(Records from a data source)
_ _ _ _
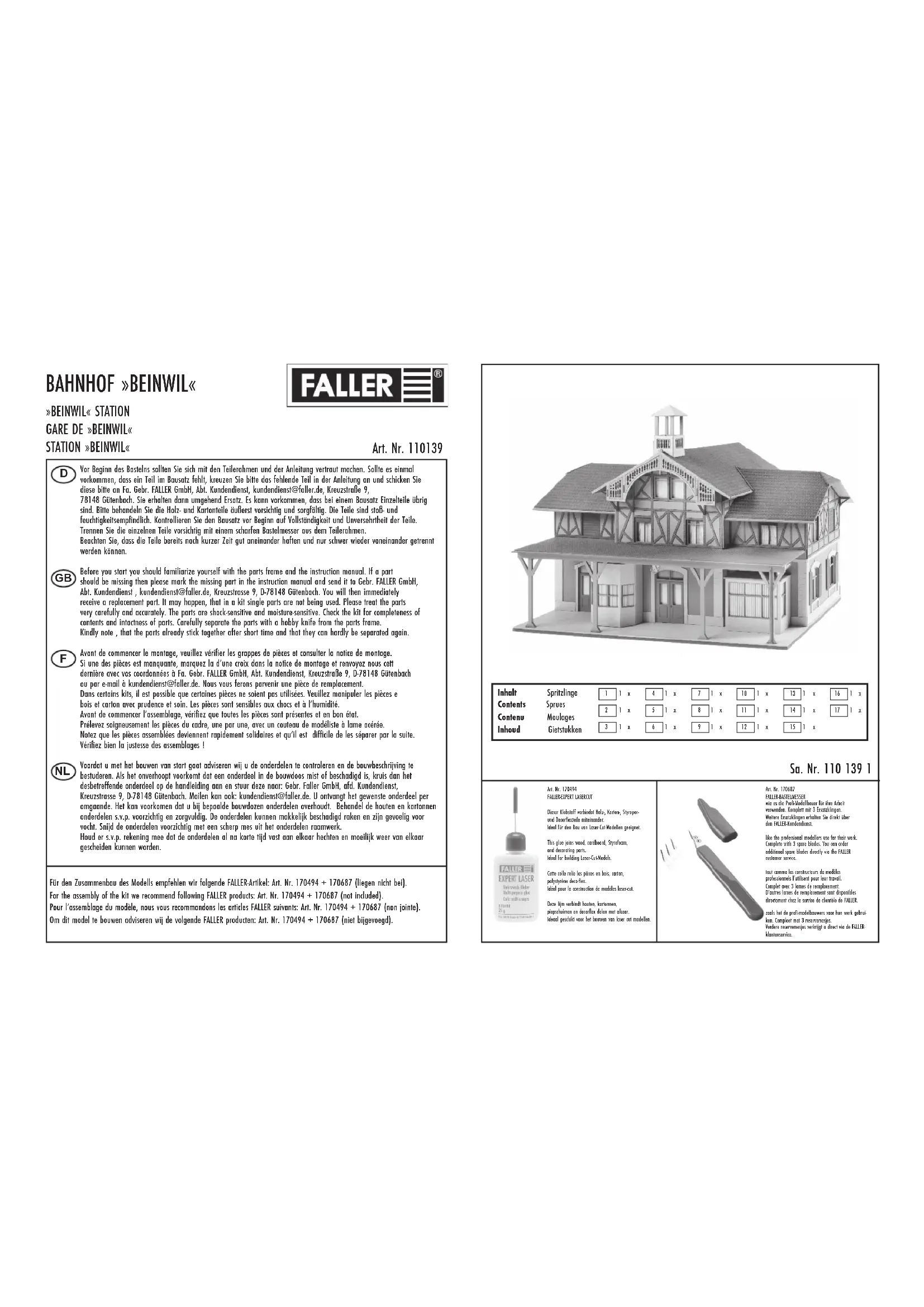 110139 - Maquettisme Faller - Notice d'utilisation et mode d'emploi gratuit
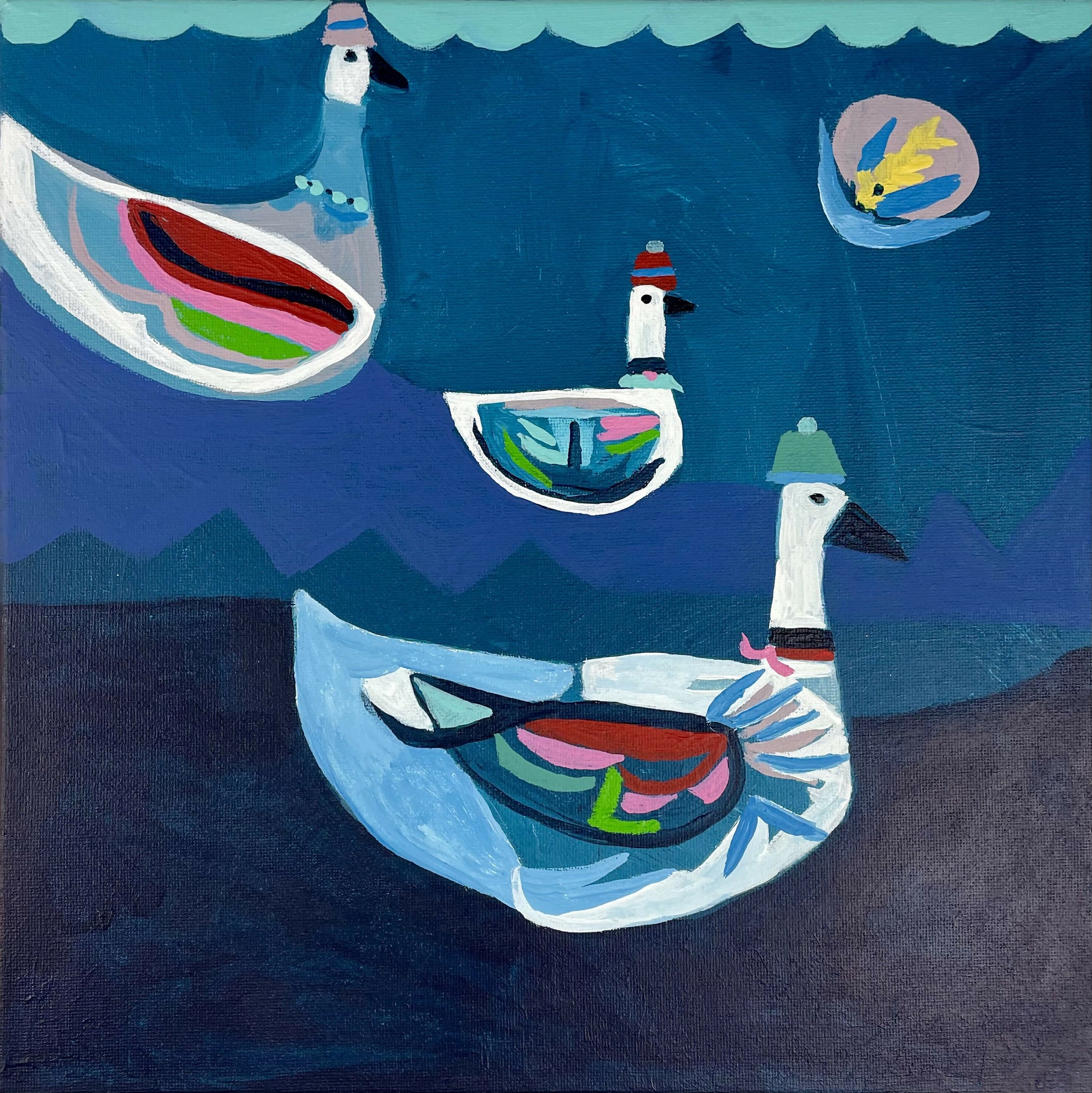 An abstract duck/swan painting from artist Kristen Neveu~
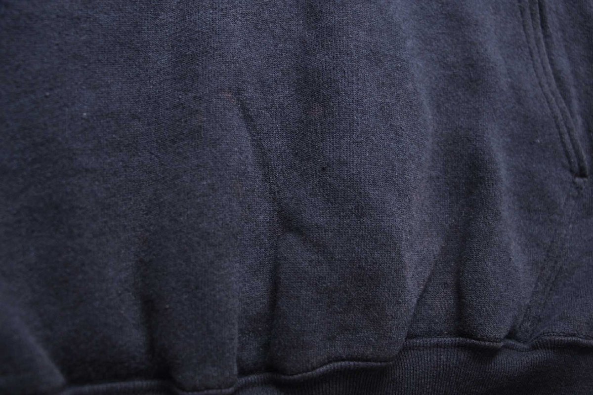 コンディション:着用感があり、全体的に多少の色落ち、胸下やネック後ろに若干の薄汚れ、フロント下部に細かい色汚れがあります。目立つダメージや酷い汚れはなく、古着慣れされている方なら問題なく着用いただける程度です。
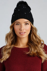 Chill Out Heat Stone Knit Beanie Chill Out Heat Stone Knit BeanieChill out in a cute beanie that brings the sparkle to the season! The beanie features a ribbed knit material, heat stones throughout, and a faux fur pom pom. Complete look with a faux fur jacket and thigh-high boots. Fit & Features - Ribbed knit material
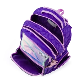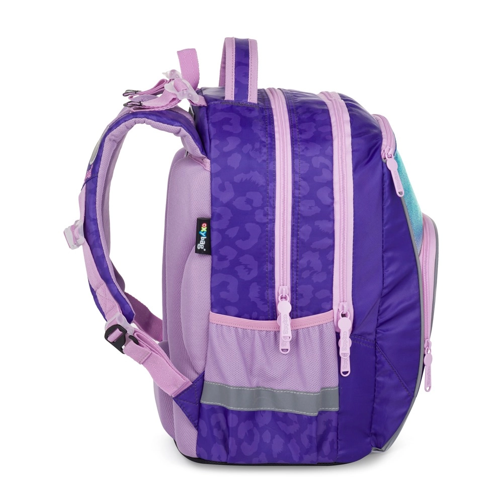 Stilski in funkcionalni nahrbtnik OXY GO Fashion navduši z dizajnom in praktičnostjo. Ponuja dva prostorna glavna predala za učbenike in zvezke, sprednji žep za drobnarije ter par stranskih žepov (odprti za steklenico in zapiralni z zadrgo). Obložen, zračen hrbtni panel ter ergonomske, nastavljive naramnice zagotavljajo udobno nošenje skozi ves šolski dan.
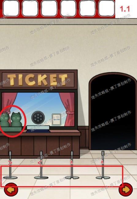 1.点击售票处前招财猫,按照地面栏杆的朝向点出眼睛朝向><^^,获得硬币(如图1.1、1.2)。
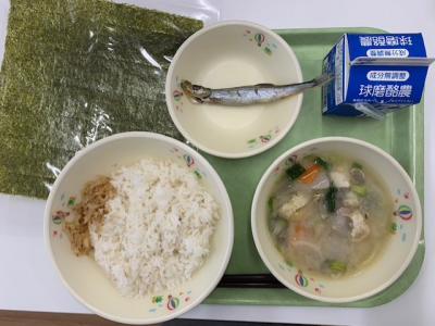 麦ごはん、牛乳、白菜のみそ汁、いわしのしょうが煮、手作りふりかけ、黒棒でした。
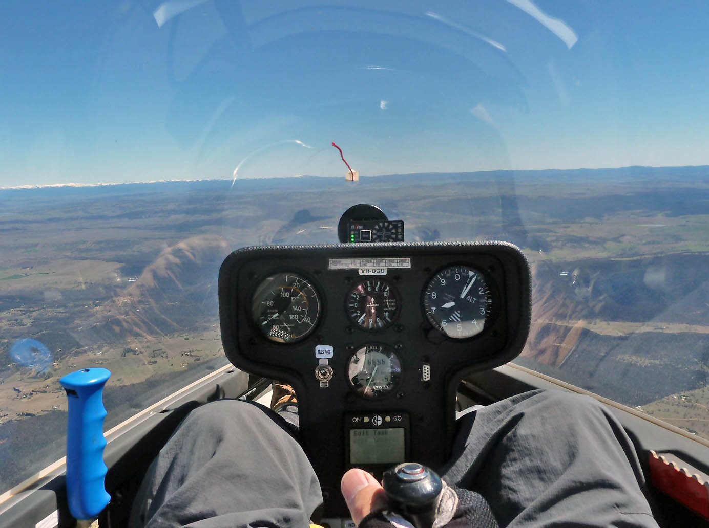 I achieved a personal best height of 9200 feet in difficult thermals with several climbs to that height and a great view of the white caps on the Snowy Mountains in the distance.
_ _ _ _
**Prompt**.
Reproduce the data above line for line, from its first line through the line containing "コンディション:着用感があり", both ends included, with the pictures omitted and nothing more.

**Exercise output**.
 110139 - Maquettisme Faller - Notice d'utilisation et mode d'emploi gratuit
 An abstract duck/swan painting from artist Kristen Neveu~
 コンディション:着用感があり、全体的に多少の色落ち、胸下やネック後ろに若干の薄汚れ、フロント下部に細かい色汚れがあります。目立つダメージや酷い汚れはなく、古着慣れされている方なら問題なく着用いただける程度です。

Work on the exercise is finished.